Dans l'ombre de San Francisco - Woman on the Run, Norman Foster (1950)

Un soir, Frank Johnson assiste en promenant son chien au meurtre d'un homme. Témoin clé pour la police comme pour l'assassin, il s'enfuit pris de panique laissant même sa femme Eleanor sans nouvelle. Celle-ci ne parait pas spécialement bouleversée, leur mariage battant de l'aile depuis un moment. Avec l'aide du reporter Dan Leggett, Eleanor va cependant se mettre à la recherche de son mari et découvrir de nouvelles facettes de sa personnalité pendant l'enquête.

Woman on the run est un remarquable film noir de série B, brillant par son scénario imprévisible et son esthétique. Au premier abord, il semble mélanger le film criminel et le récit de fugitif façon Les 39 marches. Témoin malheureux d’un règlement de compte entre gangsters alors qu’il promenait son chien, Frank (Ross Elliott) ne devient certes pas le suspect, mais la cible du coupable dont il a vu le visage - mais pas le spectateur. Une situation intolérable qui va le pousser à prendre la fuite et être traqué à la fois par la police et l’assassin. Dès lors Frank brille par son absence à l’écran tout en étant omniprésent dans les pensées des autres protagonistes, en premier lieu son épouse Eleanor (Ann Sheridan). On aura compris que le couple bat de l’aile à travers la mélancolie avec laquelle Frank dit aux policiers qu’il est marié, puis la désinvolture affichée par Eleanor face à la disparition de son époux. Le passé bohème du couple (il est peintre et elle fut son modèle) révèle ce qui les a unis puis éloigné, notamment avec les peintures de Frank affichant les lieux où ils ont vécu en contrepoint du modeste meublé où ils vivent désormais et l’existence médiocre qu’ils mènent. On saisit que ce lien distendu vient en grande partie d’Eleanor.

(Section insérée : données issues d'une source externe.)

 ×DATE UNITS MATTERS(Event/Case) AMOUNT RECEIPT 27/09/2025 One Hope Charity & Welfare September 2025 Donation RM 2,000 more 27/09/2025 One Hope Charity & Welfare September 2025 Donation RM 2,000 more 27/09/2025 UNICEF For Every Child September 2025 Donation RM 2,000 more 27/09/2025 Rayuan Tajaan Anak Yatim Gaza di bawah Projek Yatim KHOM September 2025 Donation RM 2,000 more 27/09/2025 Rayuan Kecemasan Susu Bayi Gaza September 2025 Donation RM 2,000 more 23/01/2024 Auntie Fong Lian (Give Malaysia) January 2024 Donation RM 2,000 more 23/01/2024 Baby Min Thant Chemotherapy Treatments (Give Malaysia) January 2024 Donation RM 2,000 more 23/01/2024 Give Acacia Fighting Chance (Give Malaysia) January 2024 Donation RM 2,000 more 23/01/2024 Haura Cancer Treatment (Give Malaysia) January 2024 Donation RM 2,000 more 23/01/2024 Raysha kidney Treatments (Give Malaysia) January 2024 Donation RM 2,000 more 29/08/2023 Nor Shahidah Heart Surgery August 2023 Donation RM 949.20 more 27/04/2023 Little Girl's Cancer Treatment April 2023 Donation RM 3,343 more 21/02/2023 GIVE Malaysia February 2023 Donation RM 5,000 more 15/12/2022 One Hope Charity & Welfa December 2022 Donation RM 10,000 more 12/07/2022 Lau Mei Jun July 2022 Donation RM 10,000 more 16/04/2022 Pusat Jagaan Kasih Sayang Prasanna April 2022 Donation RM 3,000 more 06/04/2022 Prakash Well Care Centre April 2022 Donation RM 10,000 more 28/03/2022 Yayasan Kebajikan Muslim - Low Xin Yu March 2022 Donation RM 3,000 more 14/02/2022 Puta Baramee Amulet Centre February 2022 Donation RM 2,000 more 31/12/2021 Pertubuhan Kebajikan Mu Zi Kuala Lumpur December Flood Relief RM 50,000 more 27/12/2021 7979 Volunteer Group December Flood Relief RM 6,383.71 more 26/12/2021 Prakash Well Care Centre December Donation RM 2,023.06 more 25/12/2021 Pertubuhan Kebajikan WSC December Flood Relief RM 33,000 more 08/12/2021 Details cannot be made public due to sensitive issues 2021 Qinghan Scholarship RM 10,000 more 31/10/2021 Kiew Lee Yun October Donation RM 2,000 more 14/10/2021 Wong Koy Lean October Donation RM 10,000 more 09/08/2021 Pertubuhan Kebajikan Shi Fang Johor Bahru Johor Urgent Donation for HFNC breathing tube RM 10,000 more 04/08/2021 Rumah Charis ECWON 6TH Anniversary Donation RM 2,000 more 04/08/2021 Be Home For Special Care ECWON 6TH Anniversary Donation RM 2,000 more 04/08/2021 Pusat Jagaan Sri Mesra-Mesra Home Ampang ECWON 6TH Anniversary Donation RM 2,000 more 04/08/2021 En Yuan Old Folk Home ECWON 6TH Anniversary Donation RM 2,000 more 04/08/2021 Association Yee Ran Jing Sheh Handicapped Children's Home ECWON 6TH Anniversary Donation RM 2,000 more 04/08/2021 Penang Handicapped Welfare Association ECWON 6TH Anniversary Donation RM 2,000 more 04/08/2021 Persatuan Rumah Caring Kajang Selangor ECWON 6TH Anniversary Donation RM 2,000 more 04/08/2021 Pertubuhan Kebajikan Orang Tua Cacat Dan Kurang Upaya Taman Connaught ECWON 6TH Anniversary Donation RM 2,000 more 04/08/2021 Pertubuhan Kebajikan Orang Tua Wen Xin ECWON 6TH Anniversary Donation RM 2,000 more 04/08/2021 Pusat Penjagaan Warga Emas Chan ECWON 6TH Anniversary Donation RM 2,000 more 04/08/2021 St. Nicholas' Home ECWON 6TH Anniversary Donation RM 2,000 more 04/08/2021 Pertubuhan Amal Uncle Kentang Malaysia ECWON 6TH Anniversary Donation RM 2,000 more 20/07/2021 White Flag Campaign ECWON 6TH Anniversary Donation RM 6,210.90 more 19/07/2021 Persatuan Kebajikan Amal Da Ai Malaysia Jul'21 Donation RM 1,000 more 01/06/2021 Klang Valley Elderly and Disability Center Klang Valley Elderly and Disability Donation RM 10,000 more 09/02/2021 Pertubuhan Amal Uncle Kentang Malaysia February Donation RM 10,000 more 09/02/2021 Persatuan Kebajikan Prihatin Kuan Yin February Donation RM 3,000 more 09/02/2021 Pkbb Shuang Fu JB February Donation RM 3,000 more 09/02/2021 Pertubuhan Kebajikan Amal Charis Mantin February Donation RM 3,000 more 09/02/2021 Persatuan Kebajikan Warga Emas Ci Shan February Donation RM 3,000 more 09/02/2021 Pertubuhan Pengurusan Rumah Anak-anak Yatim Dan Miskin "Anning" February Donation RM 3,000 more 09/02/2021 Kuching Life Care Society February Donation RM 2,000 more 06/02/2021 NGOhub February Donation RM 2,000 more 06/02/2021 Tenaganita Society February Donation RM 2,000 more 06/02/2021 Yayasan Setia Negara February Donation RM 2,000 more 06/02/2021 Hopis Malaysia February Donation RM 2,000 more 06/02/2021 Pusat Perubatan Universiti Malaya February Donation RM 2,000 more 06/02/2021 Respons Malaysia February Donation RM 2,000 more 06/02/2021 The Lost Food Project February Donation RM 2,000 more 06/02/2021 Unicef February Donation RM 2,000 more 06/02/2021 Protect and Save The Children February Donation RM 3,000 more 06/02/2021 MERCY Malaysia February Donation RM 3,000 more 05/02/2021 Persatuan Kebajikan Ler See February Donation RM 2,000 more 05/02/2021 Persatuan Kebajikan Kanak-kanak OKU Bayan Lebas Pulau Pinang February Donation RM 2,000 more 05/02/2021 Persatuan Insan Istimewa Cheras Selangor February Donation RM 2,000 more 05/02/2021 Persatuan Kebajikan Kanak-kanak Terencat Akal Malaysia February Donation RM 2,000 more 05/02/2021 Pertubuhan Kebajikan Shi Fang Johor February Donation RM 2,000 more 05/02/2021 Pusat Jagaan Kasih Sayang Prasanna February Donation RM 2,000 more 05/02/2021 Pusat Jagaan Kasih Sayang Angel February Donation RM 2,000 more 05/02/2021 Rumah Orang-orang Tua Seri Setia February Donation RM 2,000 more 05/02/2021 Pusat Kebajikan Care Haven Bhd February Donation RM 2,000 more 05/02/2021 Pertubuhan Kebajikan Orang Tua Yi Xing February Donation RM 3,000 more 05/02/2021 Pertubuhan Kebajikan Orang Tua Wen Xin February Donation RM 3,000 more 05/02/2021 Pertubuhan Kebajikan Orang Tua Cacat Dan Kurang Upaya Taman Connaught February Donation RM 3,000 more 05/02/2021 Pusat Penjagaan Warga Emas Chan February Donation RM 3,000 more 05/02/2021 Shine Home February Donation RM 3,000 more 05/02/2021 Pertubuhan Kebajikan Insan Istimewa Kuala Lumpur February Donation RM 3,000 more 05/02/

La quête de l’époux repose ainsi sur les motifs de suspense concrets de la trame policière, mais aussi sur une facette plus intime où en cherchant Frank dans la ville, Eleanor réapprend à le connaître, le découvre sous un nouveau jour. Le fossé entre eux s’exprime par l’énigme que Frank laisse à Eleanor pour le retrouver et relevant d’un souvenir commun, mais que Eleanor par la distance prise sur son mariage ne parvient pas à retrouver dans sa mémoire. A ce pur McGuffin s’ajoute l’exploration des lieux favoris de Frank dans la ville, la rencontre avec ses amis, collègues vantant ses mérites et faisant comprendre qu’elle n’a jamais su juger son homme à sa juste valeur. En contrepoint mettant la puce à l’oreille, Eleanor est aidée dans ses recherches par un reporter (Dennis O'Keefe) dont le bagout et l’allure imposante en font l’opposé de la nature plus vulnérable de son mari. Le flirt larvé s’instaurant entre eux montre ainsi implicitement l’impasse intime et dramatique dans laquelle se trouve l’héroïne. Ann Sheridan est formidable, parvenant à porter l’urgence du récit à suspense, mais offrant aussi un beau portrait de femme repentante se redécouvrant amoureuse.

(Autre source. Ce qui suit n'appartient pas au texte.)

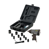 Souprava s rázovým utahovákem, která je určená pro univerzální použití. Gumová rukojeť poskytující ochranu před chladem a snižující vibrace. Kroutící moment lze nastavit pomocí ventilu pro regulaci vzduchu. Nabízí snadnou manipulaci díky jednoručnímu přepínání z pravého chodu na levý. Určená na lehké / středně těžké montážní práce. Disponuje příklepovým mechanismem. Sada je dodávaná v plastovém kufru.
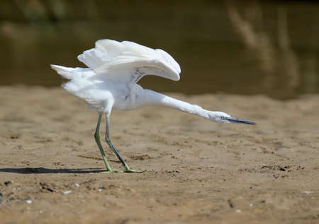 Egretta garzetta it fishes in shallow water and uses its wings to catch fish, the best photo.
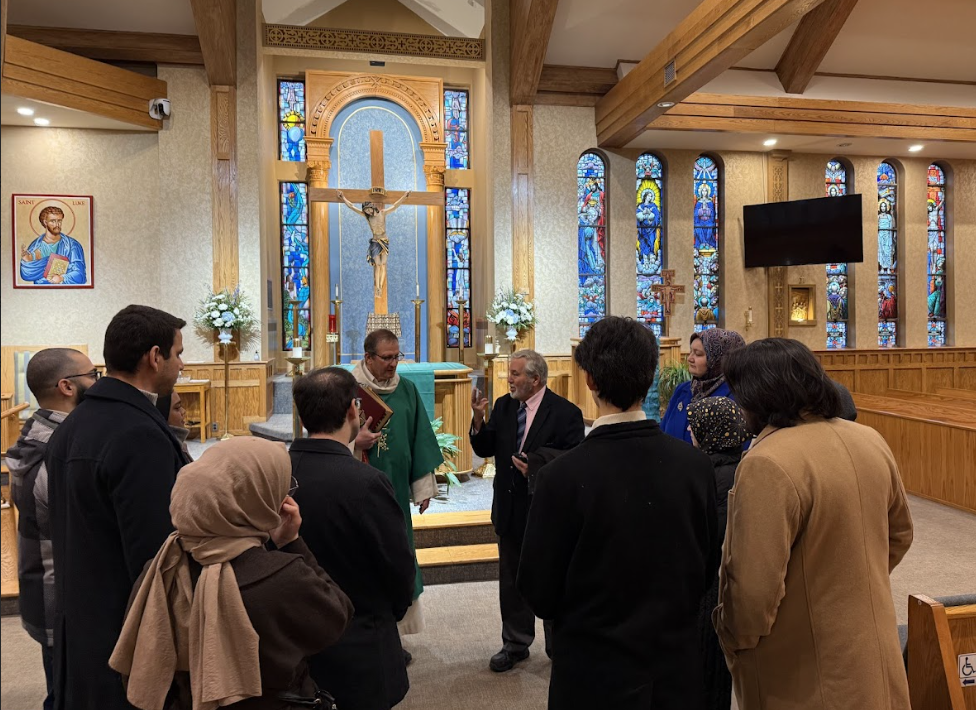 The Church of Saint Luke was pleased to welcome these Muslims attend our Mass. From a usual group of 6, the number of Muslim visitors to St. Luke’s grew to a near dozen, showing the good will that has been achieved by our parish’s Faithful Neighbors Ministry After the Mass, they were given a tour by Anthony Stevens-Arroyo and his family of our Church which helped our visiting group to “better understand and appreciate the theology, sacraments and signs at the church.”

Norman Foster instaure une atmosphère stylisée, oppressante et expressionniste dans les purs moments de film noir dont il tire des morceaux de bravoure assez mémorables. La scène d’ouverture est un aussi glaçant qu’électrisant instantané de violence, et la séquence finale au sein du parc d’attraction avec son montage alterné entre la grande roue et une tentative de meurtre impose une tension au cordeau. Parallèlement, le film offre dans les scènes de jour une exploration quasi documentaire de la ville de San Francisco dont on traverse de multiples environnements, dont on côtoie la mixité ethnique comme rarement auparavant et ce sans la moindre caricature. D’ailleurs le surgissement de la violence dans ces moments est à la fois plus discret mais encore plus effrayant sans le vernis maniéré du film noir, notamment la mort de cette danseuse chinoise en ellipse.

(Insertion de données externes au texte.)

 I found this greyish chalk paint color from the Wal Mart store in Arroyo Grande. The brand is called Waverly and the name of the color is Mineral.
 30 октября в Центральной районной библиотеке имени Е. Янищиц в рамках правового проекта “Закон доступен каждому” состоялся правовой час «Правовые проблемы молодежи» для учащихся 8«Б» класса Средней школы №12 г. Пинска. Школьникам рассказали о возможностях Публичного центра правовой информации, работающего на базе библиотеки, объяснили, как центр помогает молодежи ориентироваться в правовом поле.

Norman Foster coche toutes les bonnes cases, maniant le suspense Hitchcockien en n'articulant pas la tension sur la révélation de l’identité du meurtrier mais l’attente de ses agissements une fois percé à jour. Il use comme évoqué plus haut des motifs stylistiques du film noir des années 40, mais travaille aussi le réalisme urbain introduit dans le polar des années 50 comme dans les productions de la Fox. Tout cela réunit donne un film noir à l’équilibre idéal entre tension et émotion sincère, prenant de bout en bout.